I recently received an email message from a good friend that indicated he had just powered his way through the entire run of Y: The Last Man over the course of a weekend. He told me that the story had “hit him in the bones.” A comic book had affected him that much. He loved it and was craving more. Now this wouldn’t be such a big event, but the friend in question wasn’t nor had he ever been a big comic book fan. He was of course well aware of my love of comics and apparently he wanted to share with me this the fact that he had partaken of the art form in all its glory. Simply put, he wanted me to know that he now “got it” and was now seeking out the next series of books in which to completely immerse himself. I’d never pushed comics on the guy, but I like to think I had a little something to do with his openness to the medium, if only because I’d always been so outspoken about my own adoration of comics. A new fan was born. A convert. And I liked that.

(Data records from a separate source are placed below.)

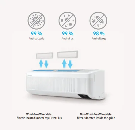 Easy Filter sa nachádza na vrchnej časti klimatizácie. Filter sa jednoducho vyberá, čistí a vkladá späť do klimatizácie. Filtruje vzdušné nečistoty a alergény. Klimatizačná jednotka Samsung má vynikajúcu filtračnú sieť, ktorá udržuje čerstvý vzduch a čistú jednotku. Prekrýva 100% vstupného otvoru pre vzduch a jeho povrch je tvorený jedinečným antibakteriálnym a antivírusovým materiálom.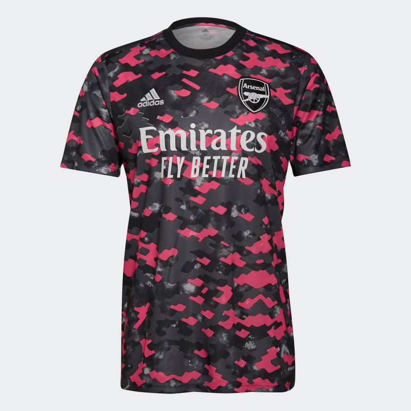 After days of preparation at the training ground, those last few sprints and stretches on the pitch add the finishing touch. Arsenal players wear adidas soccer jerseys like this one when they warm up before kickoff. Soft fabric and moisture-absorbing AEROREADY help them focus. A club badge in white stands out against the vibrant design and highlights your pride. This product is made with Primegreen, a series of high-performance recycled materials.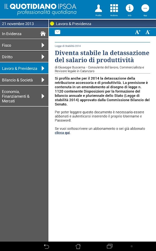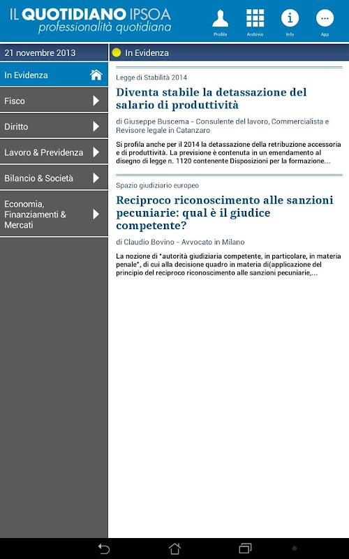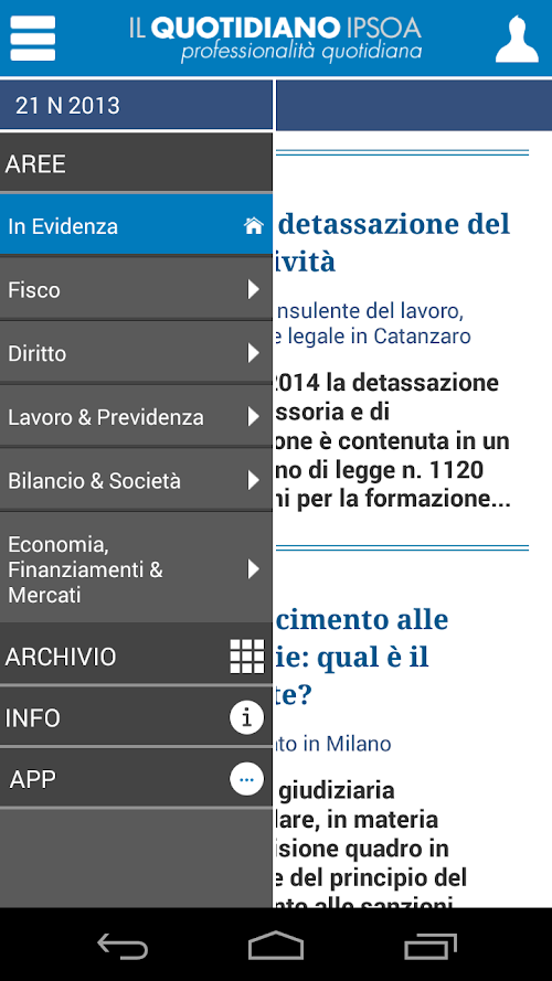 • L’archivio di tutte le edizioni precedenti consultabili per mese e giornoDownload for free "The Daily IPSOA" for Android to read and download on smartphones and tablets that contain the daily editions of the day's news and insights of the author, and have at your disposal all the information professional mobility in relation to:

This exchange reminded me how much I like exposing people to comics, especially those people who never thought they’d be reading comics in the first place. Every Christmas I enjoy the task of finding just the right graphic novel or comic to give to the people on my list who I see as fans who just don’t know it yet. There’s something special about that moment when you realize that someone who wasn’t previously a fan is now one. So many people judge comics for what they think they are as opposed to what they really are. And many people judge comics without ever having read one in the first place.

That email message of newly found comic book appreciation from my pal also reminded me of an episode some years back, a moment in my life that can best be described as my own peculiar and perhaps misguided effort to turn on complete strangers to the wonders of comics. It was some time around 2008 and I was going through one of those phases where I was feeling compelled to get rid of some of my comics. Every so often I get the urge to purge, to lighten the comic collection load. I find myself looking at my collection and can’t help but see issues that I know I’ll never read again. But the question of what to do with “unwanted” books is always there. You can’t sell them. Be nice if they were worth something on EBay, but that’s just not the case. Do you donate them? That’s always an option. Recycle? Maybe. But as I was looking at the stacks of soon-to-be-discarded books, I realized that I wanted to find a way to get them in the hands of people who wouldn’t otherwise read them. I wanted my castoff comics in the hands of non-fans who I imagined would read them and in effect become new comic fans. I wanted to spread the love.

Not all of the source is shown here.